## TRY IT
Return all the lines below exactly as written. Drop every picture.

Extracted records

○ ○ ○

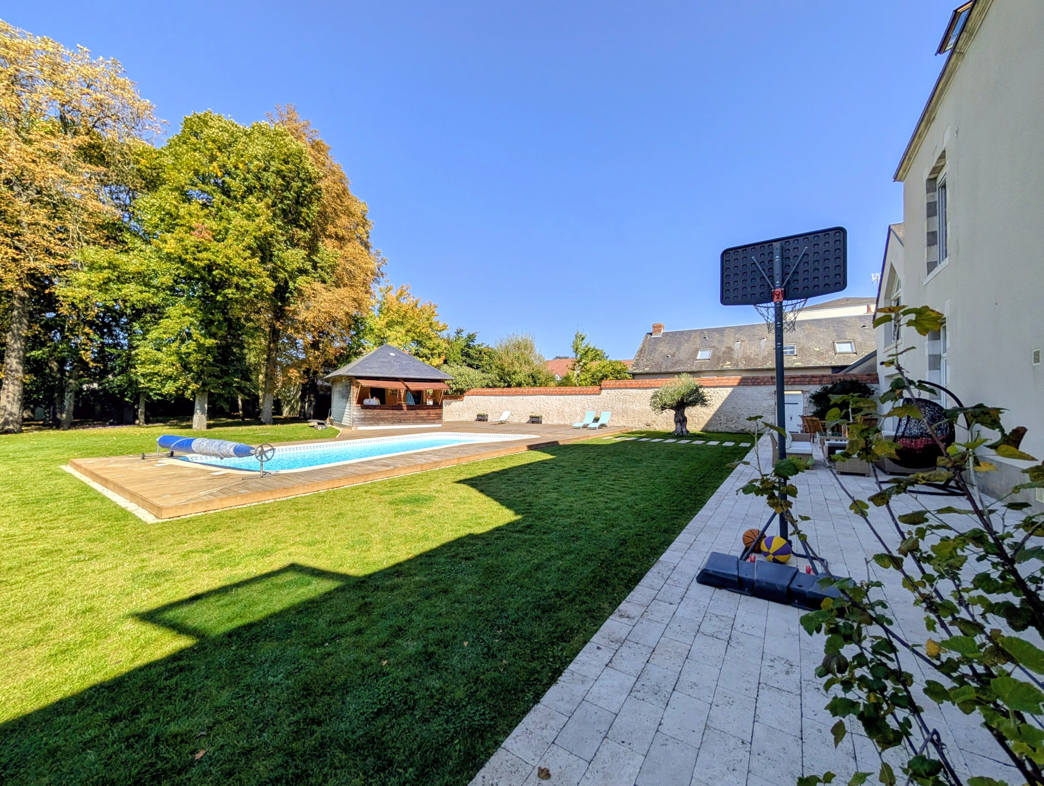 Il s'agit d'une propriété de charme d'une superficie de plus de 400 m2 habitables, située en première couronne Est d'Orléans. De l'architecture d'une maison bourgeoise, cette demeure avait bénéficié d'une rénovation pour lui attribuer des prestations contemporaines de qualité. Sur un terrain clos de plus de 2 600 m2, elle se compose d'un hall d'entrée, une grande cuisine largement aménagée ouvrant sur la terrasse et le jardin avec pisicne, un superbe séjour de plus de 70 m2, lui-même ouvrant sur la cour intérieure paysagée, une salle à manger et un bureau, pour le rez-de-chaussée. Au premier étage, la bâtisse comprend une grande mezzanine (espace TV et jeux), une suite parentale avec salle de bains et douche ainsi qu'un dressing, une autre chambre et une salle de sport ou détente. Au dessus, encore deux belles chambres et une salle d'eau. La propriété dispose également d'une dépendance aménagée en T2 avec son accès indépendant (pour les amis, le louer ou encore exercer une activité inidépendante), d'un grand garage (environ 60 m2) et d'une belle cave ainsi que de très belles galeries aménagées en profondeurs. La cour d'honneur est pavée et joliment paysagée, peut accueillir plusieurs véhicules pour les convives avec notamment un car port équipé d'une borne de recharge électrique. Alliant le charme et les prestations contemporaines (cheminée double foyer, alarme, chauffage au sol en partie au rez-de-chaussée...) elle concilie les atouts d'une demeure familiale tout en garantissant les proximités de la ville, écoles et des transports (tram et bus), les sentiers de la Loire se situant à 100 mères. Cette propriété de ville vous séduira par ses surfaces, sa luminosité et ses volumes mais également par l'ensemble de ses prestations dont le superbe jardin avec la piscine et sa terrasse aménagée avec un chalet servant de bar comprenant une douche et le local technique. Les informations sur les risques auxquels ce bien est exposé sont disponibles sur le site Géorisques : www.georisques.gouv.fr. Gilles Dresch 06.22.85.04.86 cabinetderocquigny.com
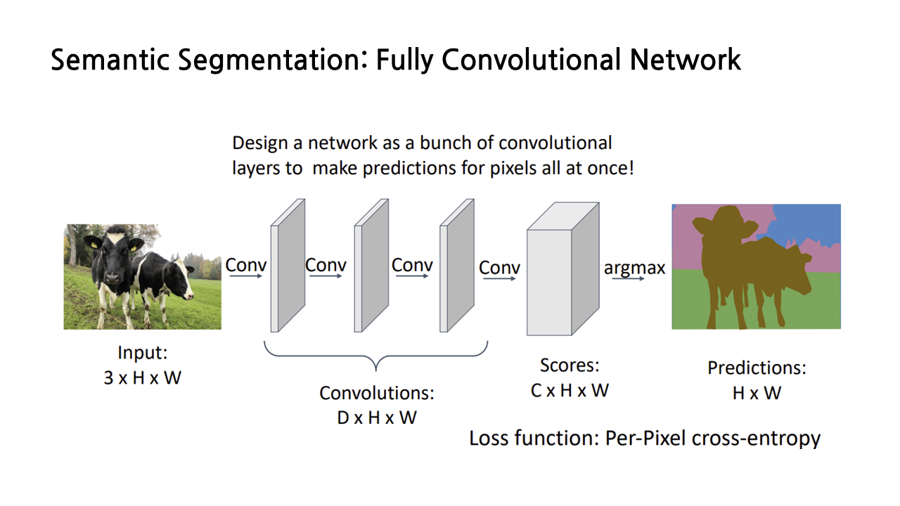 Segmentation에는 여러 종류가 있는데, 첫 번째로 semantic segmentation을 보겠다. 이는 이미지의 각각의 픽셀에 카테고리 label을 붙이는 것이다. Instance를 구분하는 것이 아니라 오직 픽셀에만 집중하기 때문에, 오른쪽 그림에서처럼 두 마리의 소가 붙어 있더라도 이를 소 1, 소 2로 구분하는 것이 아니라 ‘소’라는 하나의 카테고리 라벨로 통칭한다.
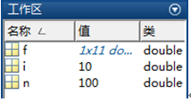 调用时,“a=100;”定义变量a,值等于100;语句“y=ffibno2(a)”实现了对ffibno2函数的调用,变量a的值100传递给了函数的输入参数n,经函数运算得到f值,函数将输出变量f的值传递给工作空间的变量y,函数运行结束,此时观察工作空间只有a、y两个变量。
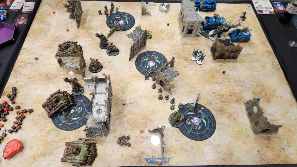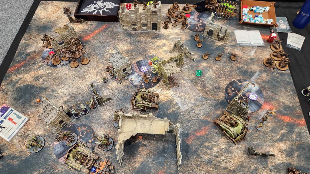 Or so I thought – Randy put up a hell of a fight, keeping me in my DZ longer than I expected and making me work for every inch of the table. Every time I thought I’d just finally break his army open, he’d pull some new trick to stay in it. It was very respectable… and very annoying (though I mean this in the best way). That said, I still just had Too Many Units for Too Cheap, and I was able to burn Randy’s home objective on round 3, them move to the others after. We played this one to the end, and it was closer than the score makes it look.
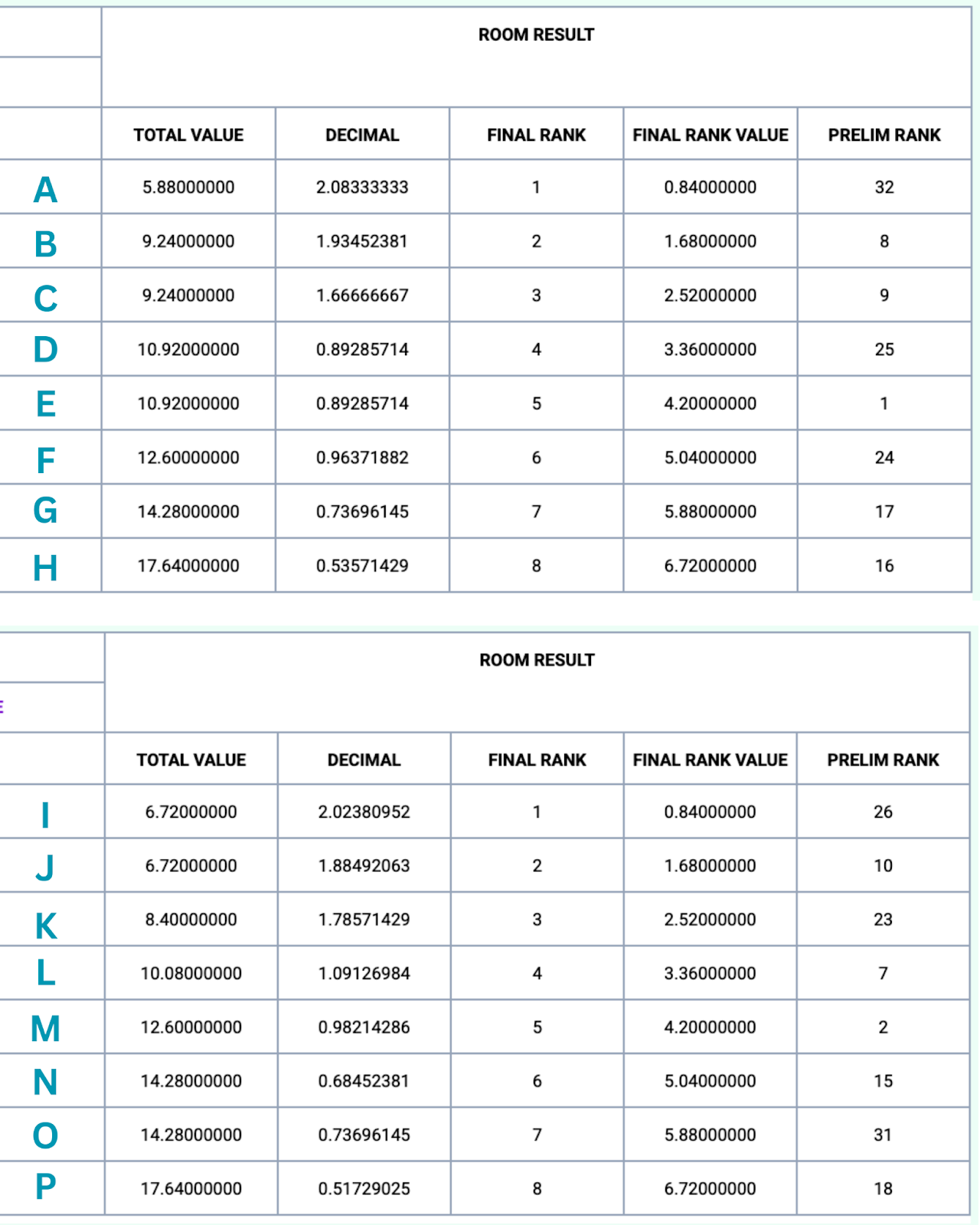 - SemiFinalists are ordered by room rank. A SemiFinal round has two of each rank (two 5th places, two 6th places, etc.), one from each room. (For modified SemiFinals, there will be four of each rank.) The preliminary ranking is used to break the tie between those of the same room ranks. The competitor with the better preliminary rank receives the better final ranking.
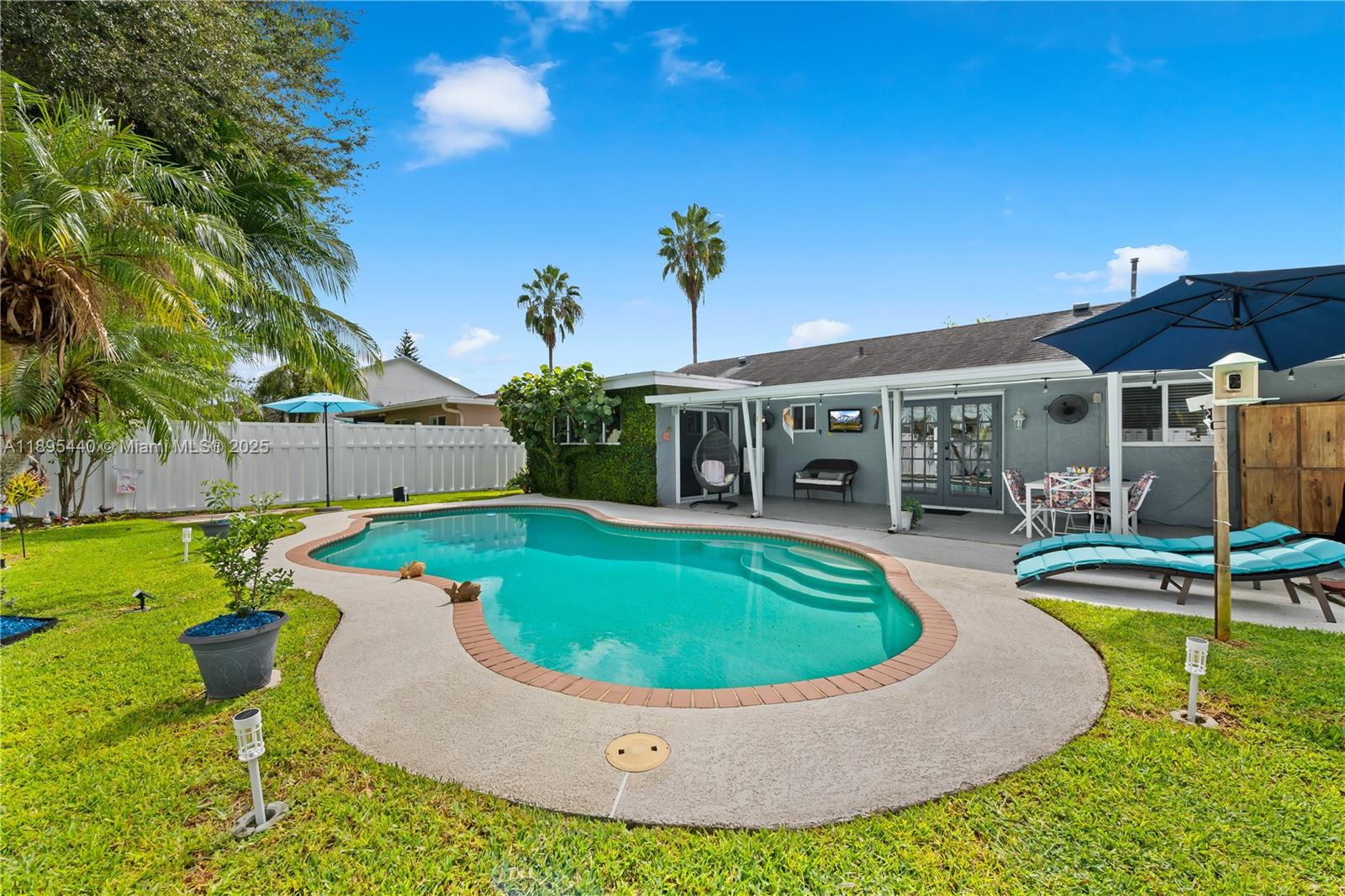 Located in west Sunrise just minutes from the Sawgrass Expressway & with no HOA, this 1-story home at 1,547 Total SQFT features 3 bedrooms, w/ an extra room off the primary bedroom, 2 updated bathrooms, free form pool, an updated kitchen w/ granite counters & backsplash, stainless steel appliances & gas stove, newer HVAC (2024) and a 2017 shingle roof. Additional features include a double wide driveway w/ pavers, 6ft PVC fenced back yard, complete hurricane protection w/ impact windows & impact rated front door, hurricane panels for the French Doors & Sliding Glass Doors, and a large covered patio w/ additional outdoor entertainment areas & complete privacy in the back yard. Close to Sawgrass, Welleby Park, Dog Park, Sunrise Athletic Complex & easy access to Sawgrass Expressway & I-595.

○ ○ ○

## TASK ANSWER
 Il s'agit d'une propriété de charme d'une superficie de plus de 400 m2 habitables, située en première couronne Est d'Orléans. De l'architecture d'une maison bourgeoise, cette demeure avait bénéficié d'une rénovation pour lui attribuer des prestations contemporaines de qualité. Sur un terrain clos de plus de 2 600 m2, elle se compose d'un hall d'entrée, une grande cuisine largement aménagée ouvrant sur la terrasse et le jardin avec pisicne, un superbe séjour de plus de 70 m2, lui-même ouvrant sur la cour intérieure paysagée, une salle à manger et un bureau, pour le rez-de-chaussée. Au premier étage, la bâtisse comprend une grande mezzanine (espace TV et jeux), une suite parentale avec salle de bains et douche ainsi qu'un dressing, une autre chambre et une salle de sport ou détente. Au dessus, encore deux belles chambres et une salle d'eau. La propriété dispose également d'une dépendance aménagée en T2 avec son accès indépendant (pour les amis, le louer ou encore exercer une activité inidépendante), d'un grand garage (environ 60 m2) et d'une belle cave ainsi que de très belles galeries aménagées en profondeurs. La cour d'honneur est pavée et joliment paysagée, peut accueillir plusieurs véhicules pour les convives avec notamment un car port équipé d'une borne de recharge électrique. Alliant le charme et les prestations contemporaines (cheminée double foyer, alarme, chauffage au sol en partie au rez-de-chaussée...) elle concilie les atouts d'une demeure familiale tout en garantissant les proximités de la ville, écoles et des transports (tram et bus), les sentiers de la Loire se situant à 100 mères. Cette propriété de ville vous séduira par ses surfaces, sa luminosité et ses volumes mais également par l'ensemble de ses prestations dont le superbe jardin avec la piscine et sa terrasse aménagée avec un chalet servant de bar comprenant une douche et le local technique. Les informations sur les risques auxquels ce bien est exposé sont disponibles sur le site Géorisques : www.georisques.gouv.fr. Gilles Dresch 06.22.85.04.86 cabinetderocquigny.com
 Segmentation에는 여러 종류가 있는데, 첫 번째로 semantic segmentation을 보겠다. 이는 이미지의 각각의 픽셀에 카테고리 label을 붙이는 것이다. Instance를 구분하는 것이 아니라 오직 픽셀에만 집중하기 때문에, 오른쪽 그림에서처럼 두 마리의 소가 붙어 있더라도 이를 소 1, 소 2로 구분하는 것이 아니라 ‘소’라는 하나의 카테고리 라벨로 통칭한다.
 调用时,“a=100;”定义变量a,值等于100;语句“y=ffibno2(a)”实现了对ffibno2函数的调用,变量a的值100传递给了函数的输入参数n,经函数运算得到f值,函数将输出变量f的值传递给工作空间的变量y,函数运行结束,此时观察工作空间只有a、y两个变量。
 Or so I thought – Randy put up a hell of a fight, keeping me in my DZ longer than I expected and making me work for every inch of the table. Every time I thought I’d just finally break his army open, he’d pull some new trick to stay in it. It was very respectable… and very annoying (though I mean this in the best way). That said, I still just had Too Many Units for Too Cheap, and I was able to burn Randy’s home objective on round 3, them move to the others after. We played this one to the end, and it was closer than the score makes it look.
 - SemiFinalists are ordered by room rank. A SemiFinal round has two of each rank (two 5th places, two 6th places, etc.), one from each room. (For modified SemiFinals, there will be four of each rank.) The preliminary ranking is used to break the tie between those of the same room ranks. The competitor with the better preliminary rank receives the better final ranking.
 Located in west Sunrise just minutes from the Sawgrass Expressway & with no HOA, this 1-story home at 1,547 Total SQFT features 3 bedrooms, w/ an extra room off the primary bedroom, 2 updated bathrooms, free form pool, an updated kitchen w/ granite counters & backsplash, stainless steel appliances & gas stove, newer HVAC (2024) and a 2017 shingle roof. Additional features include a double wide driveway w/ pavers, 6ft PVC fenced back yard, complete hurricane protection w/ impact windows & impact rated front door, hurricane panels for the French Doors & Sliding Glass Doors, and a large covered patio w/ additional outdoor entertainment areas & complete privacy in the back yard. Close to Sawgrass, Welleby Park, Dog Park, Sunrise Athletic Complex & easy access to Sawgrass Expressway & I-595.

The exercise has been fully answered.